A organização representante dos direitos humanos está apreensiva com a possibilidade de os agentes norte-americanos terem repassado prisioneiros a especialistas em tortura de serviços secretos de países árabes amigos.
A Anistia parte dos rumores de que prisioneiros foram arrastados pelos serviços secretos americanos para Marrocos, Jordânia e Egito. Um homem da inteligência dos EUA, que organizaria essas transações, justificou esse procedimento aos repórteres do Washington Post: "Nós não soltamos as línguas deles. Nós os enviamos a outros países para que soltem as línguas deles". Um outro disse: "Se não ferirmos momentaneamente os direitos humanos, nós não faremos nosso trabalho".

Tâmaras para quem fala
Em 4 de julho, Bush declarou, por ocasião do feriado nacional americano: "Todos os que hoje vivem sob tirania e anseiam por liberdade depositam suas esperanças de liberdade nos Estados Unidos da América". Um dia antes, o presidente havia dado sinal verde para que os primeiros seis prisioneiros de Guantánamo fossem colocados perante um comitê militar, cuja formação Donald Rumsfeld havia ordenado em março de 2002. Moazzam Begg, de Birmingham, está nesse primeiro grupo de acusados, assim como um outro britânico e o australiano David Hicks.
O suplente de Rumsfeld, Paul Wolfowitz, é responsável pelo recrutamento de promotores, defensores e juízes. Mesmo os membros do comitê de apelação foram nomeados por ele. Em última instância, o presidente Bush poderia indultar os condenados à morte, mas, uma vez que ele assinou 151 sentenças de morte como governador do Texas e só em um único caso adiou a execução, os prisioneiros não devem esperar pelo perdão presidencial.
Os comitês militares, que estão na tradição dos tribunais militares que fizeram processos sumários na Segunda Guerra Mundial com espiões alemães e japoneses, foram criticados não só por juristas em todo o mundo, mas também por defensores dos direitos civis e advogados dos EUA. Mesmo a revista britânica "Economist", que apoiou as campanhas de Bush no Afeganistão e no Iraque, critica os processos em comitês militares, qualificando-os de "injustos, imprudentes e não-americanos". A influente publicação profetiza que eles se revelarão "contraproducentes para a guerra contra o terrorismo".

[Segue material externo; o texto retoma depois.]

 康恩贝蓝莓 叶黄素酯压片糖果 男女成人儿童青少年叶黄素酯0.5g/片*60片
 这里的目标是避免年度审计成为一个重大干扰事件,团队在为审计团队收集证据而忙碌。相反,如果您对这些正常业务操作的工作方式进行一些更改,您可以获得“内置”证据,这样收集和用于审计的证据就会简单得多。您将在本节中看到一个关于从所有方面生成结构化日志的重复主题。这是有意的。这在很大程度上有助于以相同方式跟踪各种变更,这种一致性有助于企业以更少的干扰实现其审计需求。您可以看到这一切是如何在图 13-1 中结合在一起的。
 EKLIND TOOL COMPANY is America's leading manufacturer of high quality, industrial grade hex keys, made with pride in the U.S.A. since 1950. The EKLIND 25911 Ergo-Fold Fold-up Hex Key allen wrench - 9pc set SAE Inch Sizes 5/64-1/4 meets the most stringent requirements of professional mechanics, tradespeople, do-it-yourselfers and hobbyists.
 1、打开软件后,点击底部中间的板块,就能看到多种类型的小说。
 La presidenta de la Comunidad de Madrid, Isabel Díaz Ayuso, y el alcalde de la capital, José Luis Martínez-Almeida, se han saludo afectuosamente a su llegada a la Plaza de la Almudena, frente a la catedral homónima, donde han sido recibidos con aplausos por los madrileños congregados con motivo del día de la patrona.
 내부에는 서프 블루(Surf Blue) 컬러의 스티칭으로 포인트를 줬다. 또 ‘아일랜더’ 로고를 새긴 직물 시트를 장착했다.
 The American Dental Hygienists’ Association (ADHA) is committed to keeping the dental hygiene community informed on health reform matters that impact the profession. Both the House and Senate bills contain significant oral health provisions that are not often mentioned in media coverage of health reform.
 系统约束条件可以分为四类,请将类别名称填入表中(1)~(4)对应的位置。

O secretário de Estado, Colin Powell, solicitou em uma carta a Rumsfeld, em abril, que reconhecesse os confinados como prisioneiros de guerra. Mas seus rivais no Pentágono não querem saber disso.
O salão dos iminentes tribunais já está mobiliado e, junto com a planejada câmara de execução, aparentemente não deixa de ter o seu efeito. Desse modo, o comandante do Campo Delta, general Geoffrey Miller, relatou que o número das informações relevantes para o serviço secreto que seus interrogadores receberam dos confinados multiplicou-se por seis. Graças a "interrogatórios baseados em incentivos", ele tem agora "um grande número de prisioneiros que são muito cooperativos" e incriminam outros.
"O caminho para casa", está escrito em placas penduradas em toda parte do campo, "passa pela verdade e pela cooperação completa". Quem desembucha corretamente no Campo Delta é transferido a uma divisão em que há contato com outros prisioneiros várias horas ao dia e, regularmente, tâmaras e sorvetes.